In other words, the U.S. economy is booming according to President Trump. But for an average American, things have remained pretty much the same if not changing for the worse. A rising GDP indicates that more goods and services were produced and sold in the economy.

Employment rate and wages affect the GDP more than people think. A high employment rate with rising wages means more people are earning in the economy which leads to more people buying goods and services. Thus, a rising GDP should be linked with high employment rates along with rising wages. Unfortunately for the blue-collar American worker, things aren’t going as they should be.

Overall wages are increasing at a satisfactory rate. Wages increased by 1.1 percent in the last quarter of 2018, despite an ongoing expensive trade war with China. The U.S. has seen a 14 percent increase in wages since 2006. This seems like good news for the average worker, until real wages are looked upon. Real wages are the wages that are left with the worker after factoring in inflation and cost of living. With a mere growth of 1.9 percent of overall wages in 2018, real wages have fallen 9 percent since 2006. In simpler words, the income for a typical worker today buys them less than it did in 2006.

Graph - https://tradingeconomics.com/united-states/wage-growth

The blue line represents wages, and the red line represents the Consumer Price Index. CPI is the average of the amounts paid by an urban resident to buy a basket full of goods. In the past couple of years, real wages have diminished while CPI rose to lead to a rise in living expenses. An increase in GDP is usually accompanied by an increase in purchasing power of the population. People tend to invest more in goods and services during economically stable times, which in-turn, increases the GDP.
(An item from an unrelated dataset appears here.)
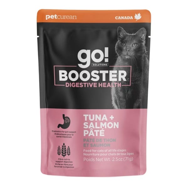 Go! Solutions Digestive Health Booster for Cats - Tuna & Salmon Pâté Recipe can be fed as a treat, a topper, or as a complete and balanced diet for cats of all breeds and life stages.

A higher purchasing power leads to higher demand for goods and services. The golden rule of economics is what creates trouble when everyone is on a shopping spree. A rise in demand for goods, lead to a rise in price or in simpler terms - inflation. A high inflation rate might destroy the economy. Rising inflation will keep on pushing the prices of goods and services higher and higher until things become unaffordable (Current state of Venezuela). To prevent this from happening, the Federal Reserve, who enjoyed its 116th Independence Day on 3rd March, keeps a check on interest rates.

The Federal Reserve is like a friend who will hide alcohol just when the party is about to start so that no one gets too drunk and creates a mess. In this analogy, alcohol is the return on investments. The more people have it, the more they will let loose and spend more. To not trash the place, the Fed increases borrowing interest making it more expensive for people to borrow money.

Following President Trump’s tax cuts last year, inflation spiked and reached 2.9 percent in July 2018. People were left with more money to spend so they did. The Federal Reserve quickly acted upon the issue by raising prices to gain control over excessive spending by people. President Trump was not a fan of rising interest rates and criticized the Fed for raising rates.

Interest rates were raised from 2 percent to 2.5 percent gradually over the course of six months to control inflation.

The U.S. saw another strong economic growth year, one of the biggest tax cuts, one of the lowest unemployment rates, the Feds controlling inflation well under a healthy 2 percent, but why the average US worker is still not benefiting?

The U.S. economy faced a slow income growth since the end of the recession in 2010. Wages didn’t grow as fast as the cost of living, despite a shrinking unemployment rate in a growing economy. The economic paradox has raised a lot of economists’ eyebrows. During the time of low unemployment rate, companies will find it difficult to keep their workers, forcing them to pay more, which ultimately leads to risen wages. But, in the past two years of historically low rates of unemployment, wages haven’t seen a rise as compared to the cost of living.

In 2018, prices rose in accordance to 1.9 percent healthy inflation rate. When this cost of living is factored into wages, it shows an actual change of 1.8 percent only. That means in the past year, wages have risen only about 1.8 percent, while CEO salaries saw an increment of 17 percent in 2017 alone. An average worker earned 20 times less than an average CEO and 321 times less than a CEO of an S&P 500 company.

The highly celebrated major tax cuts did nothing but flush the economy with a lot of cash, leaving a heavier fiscal deficit. Tax cuts provided a short-term sugar rush to the economy, but the economic growth is supposed to slow a bit down in the coming year. The Trade war in China hasn’t been helpful too. Economic uncertainty is always bad for the economy. Despite a well-sustained economy, workers might suffer the brunt of this expensive trade war. In times of economic uncertainty, companies tend to keep their expenses limited in anticipation of a bad economic turn. Meaning, wages remain constant.

Surprisingly, despite a decade long economic growth after the depression, wages have remained the same. Economists predict a slow but steady growth this year, but see the economy shrinking at the turn of the decade in 2020.